My sister- having her around has been so nice because I feel more at home with her around. She's still my little sister and can be a pain in the butt, but I love that we are closer now than ever. We had a 6 year age gap with made growing up together tough- we never really bonded or were friends. Now we are both adults living independently. We aren't necessarily emotionally close, but we're always there for the other and we're hangout buddies!
My best girlfriend- I think that it's important to have one of those. There are things girls just understand better than men- and everyone needs friends outside their relationships. I am finally at a point where I don't need her approval like I used to, I don't feel guilt for not always being available to her. I had an unhealthy attachment to her a couple years ago. Now I feel like my life is truly mine. Her and I are still there for the other, still rooting for the other to succeed and be happy in life.
My parents- they have been the best example of a relationship I could have. Their 29 year marriage has been the one example I use for the definition of love. Its been interesting to grow and see that they are not the perfect people I thought growing up. We have a good relationship, I love them so much and I feel that we are also closer now that my sister is near. Also having J makes me want their acknowledgement that I am in love like them. I want them to be involved in my life, especially when I have kids one day!
SO I have many people in my life who make me happy. I really wish that I could get a handle on my weight loss. Now I read about people who go from 230lb to 150lb- and I really want that! The healthy train will probably be in my life forever. I just wish that I would stay on it long enough to not need it so much. Healthy train never stops- its something that always is running and it takes work to stay on the right side of the healthy tracks. Right now I hop back and fourth weekly. I haven't progressed at ALL since the new year. I haven't gained any more weight, but that's just a happy accident.

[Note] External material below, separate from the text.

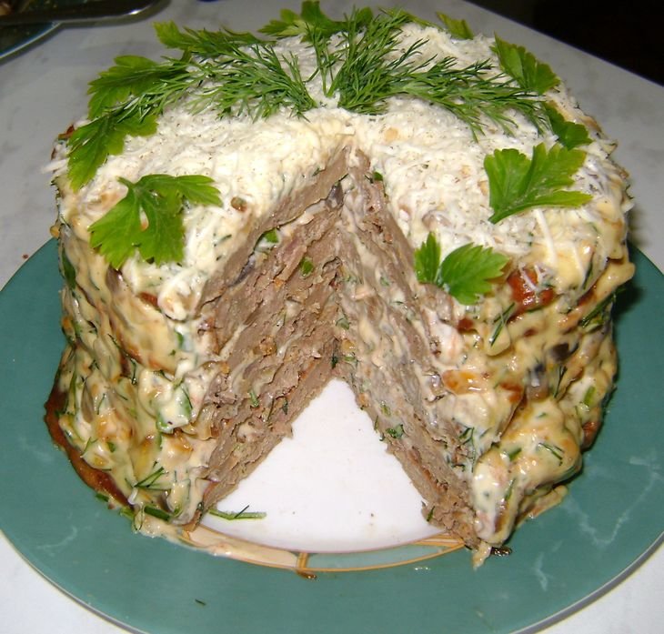 печёночный торт с грибами.
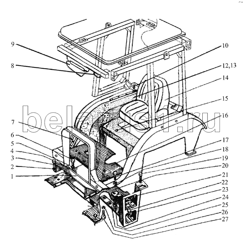 Каталог запасных частей к технике: МТЗ-90/92. Кабина (тент-каркас)

I need to find my fuel again. I need to find the reason that drives me to want it. The reason to not settle for how I am right now. The drive.... It used to be easy. I remember that it would be a breeze to make it through a weekend without cheating. I felt so much quilt for having like 2 cookies. Now those "cheats" have become entire pints of ice cream and almost a whole pizza. My fails keep failing harder. Where's the discipline? How do I find it again? Discipline- that's the best word for what I need. I hate feeling like i'm neglecting my wants, holding myself back or resisting too many urges. What is missing is discipline.
Ouch- here's the definition of discipline: the practice of training people to obey rules or a code of behavior, using punishment to correct disobedience.
Well that sounds brutal lol. Here's a better one: a way of behaving that shows a willingness to obey rules or orders.
Being a rebel at heart I hate following rules. But I did it for a year and lost 95lbs- so WHY can I not follow my own rules now. Maybe because I share my lifes rules with J? We share a life, so maybe I need to figure out what's different about those rules in order to follow them. Instead of punishment I need rewards for meeting small goals. Rewards that aren't overdoing it on the booze or sweets.
God this Monday sucks! Heavy crap for this early in the morning. But it helps to blog- I feel better already. February is going to be a challenge. I have 4 weekends of events that will include food/drink challenges. I want to rise to those challenges and make myself proud for eating right and having a great time without being stupid.
I don't know about anyone else, but I am ready for a week of making myself happy and giving myself a reason to be proud. Come Feb 3 I want to feel better about myself than I am right now. In all areas of my life.